Compile path shows SSIM 0.85 mean / 0.68 worst on Wan 14B H100. The cause is Inductor picking different fused kernels for batch=1 vs batch=2 paths (not a bug in the batched-CFG mechanism itself, which is bit-equivalent on the eager path). Frame-by-frame visual inspection of the worst-SSIM prompt confirmed the videos are perceptually identical. This is consistent with bf16 numerics drift compounding across 30 layers × 30 steps, well within the perceptual-equivalence range.
L40S 1.3B shows +2% wall regression. The diffusers-canonical recipe pads every cross-attention K/V to `max_length=512` (vs FV's previous variable-length 55-98 tokens). On a small model, this per-step attention overhead exceeds the batched-CFG launch savings. The win shows up at larger models / faster GPUs / more amortizable launch overhead — which is exactly what we see on H100 14B (-1.96% eager, -1.78% compile).
Test plan
Reproduce these numbers yourself
All A/B runs above are reproducible end-to-end via the included Modal harness. ~$10 total compute for the full matrix.
One-time setup:
```bash
pip install modal && modal token new
modal secret create huggingface-token HF_TOKEN=hf_xxxxxxxxxxxx
```
Run the same A/B legs as the validation table:
```bash
H100 14B eager (the SSIM=1.000000 / -1.96% wall result)
modal run --detach fastvideo/tests/modal/batched_cfg_ab.py \
--gpu H100 --model wan2_2-t2v-14b
H100 14B compile (deployment perf number)
modal run --detach fastvideo/tests/modal/batched_cfg_ab.py \
--gpu H100 --model wan2_2-t2v-14b --enable-compile
L40S 1.3B eager (correctness validation)
modal run --detach fastvideo/tests/modal/batched_cfg_ab.py \
--gpu L40S --model wan2_1-t2v-1.3b
```
Each leg writes mp4s to a per-config directory in the `hf-model-weights` Volume (`/root/data/ab_out//<mode_tag>/{baseline,patched}/prompt_NN/`). The harness prints the wall + SSIM table at the end of each run. If your terminal disconnects, recover via:
```bash
modal run --detach fastvideo/tests/modal/batched_cfg_ab.py::recover_ssim \
--git-repo https://github.com/Mister-Raggs/FastVideo.git \
--git-ref perf/wan-batched-cfg \
--model-preset wan2_2-t2v-14b --mode-tag eager
```
Use the harness for your own PRs. The single-container two-pass A/B pattern is generic (modeled on Kuan's `nccl_stream_ab.py` for #1395) — fork the harness, swap the `MODEL_PRESETS` entry and the flag toggle, and you have a reproducible perf+SSIM gate for any single-flag PR.

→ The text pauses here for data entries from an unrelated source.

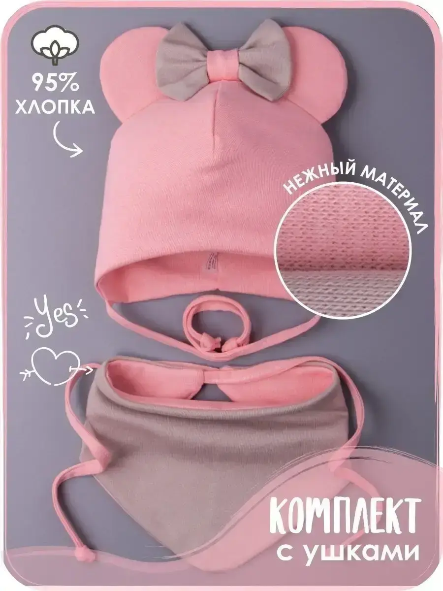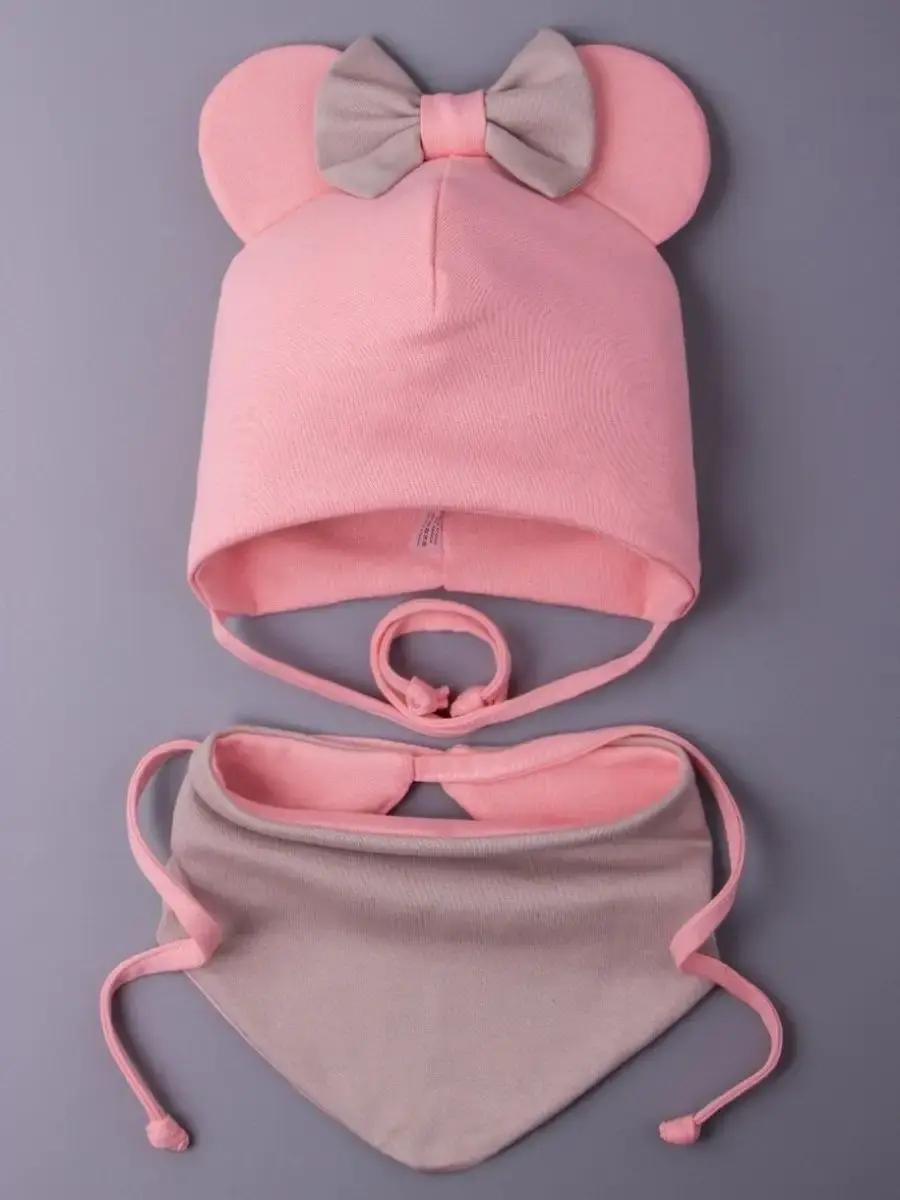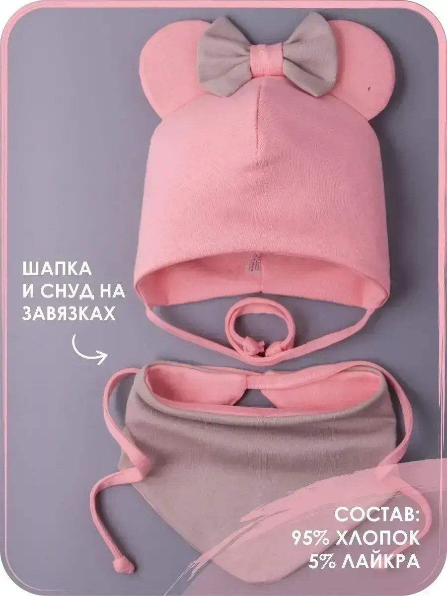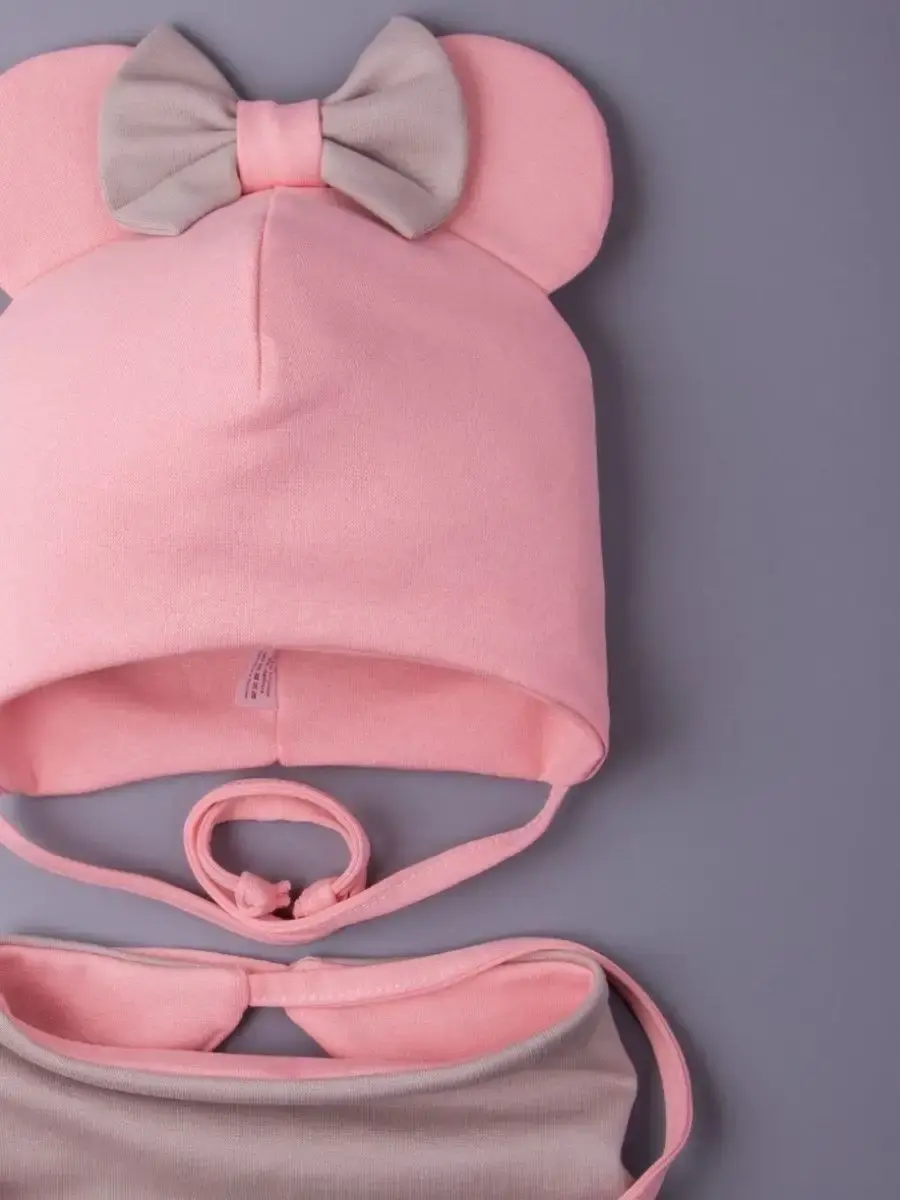 Шапка осенняя для девочки с ушками и снудом – это стильный и уютный вариант на осень и теплую зиму для вашего малыша! Хотите, чтобы ваш ребенок чувствовал себя комфортно и стильно в любую погоду? Тогда этот комплект для девочки - идеальный вариант для вас! Демисезонная шапка с ушками и бантиком для девочки из мягкого и приятного к телу трикотажа отлично защитит от ветра и холода в переходные периоды года. Шапка на завязках закрывает уши и не дает холоду проникнуть, а ушки мики мауса придают образу малыша особую милость и очарование.
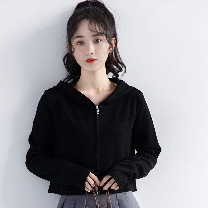 2021秋季新款连帽黑色卫衣外套女春秋短款拉链开衫简约百搭上衣潮
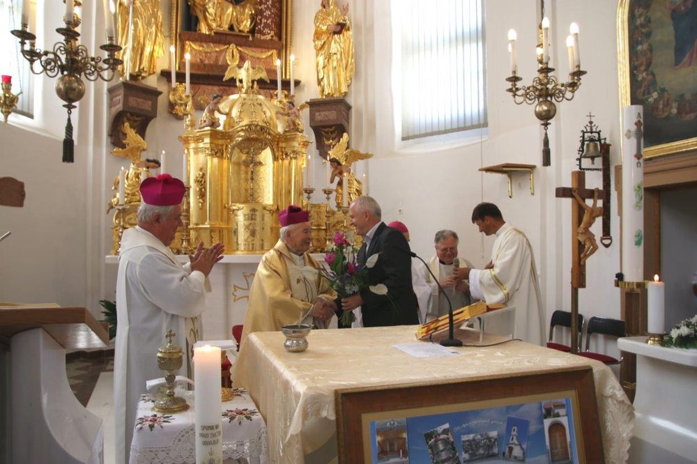 V župnijski cerkvi Sv. Ane v Slovenskih Goricah je, v nedeljo, 28. junija, potekala slovesnost, na kateri so počastili bisernomašni jubilej tamkajšnjega upokojenega župnika Jožefa Horvata rojenega 1930. Leta, v Bogojini. Sv. mašo je ob sodelovanju naddekana in župnika Marina Bezgovška, domačega župnika Tončeka Frasa, župnika iz Sv. Jurija ob Ščavnici Boštjana Ošlaja, upokojenega župnika iz Benedikta Ivana Zajnkoviča ter diakona Janeza Kurnika, daroval pomožni škof dr. Jožev Smej, ki je v pridigi orisal življenjsko pot jubilanta in mu čestital za njegov bisernomašni jubilej (60 let). Čestitke in zahvalo je jubilantu namenil tudi sedanji župnik Tonček Fras, ki mu je zaželel trdnega zdravja. V imenu župnijskega sveta mu je, ob izročitvi priložnostnega darila, čestital ključar Drago Ruhitelj, v imenu občine Sveta Ana pa župan Silvo Slaček. Ob tej priliki je škof blagoslovi nov krstilni kamen. Slovesno sv. mašo je s petjem popestril župnijski cerkveni pevski zbor. Kakor je navada, so članice Društva kmečkih žena Sv. Ana, s pomočjo pridnih gospodinj, pripravile bogato pogostitev vseh udeležencev tega slavja.

Follow-ups (not blocking this PR)
Related work
Composes with #1372 Adaptive Guidance: when AG runs both passes, batched=2 fires; when AG skips uncond, batched-CFG gracefully falls through to sequential.
Mirrors the upstream pattern in `fastvideo/pipelines/stages/longcat_denoising.py:97-149` which already does batched-CFG natively (LongCat's tokenizer is configured with `padding="max_length"` upstream so the same shape contract holds).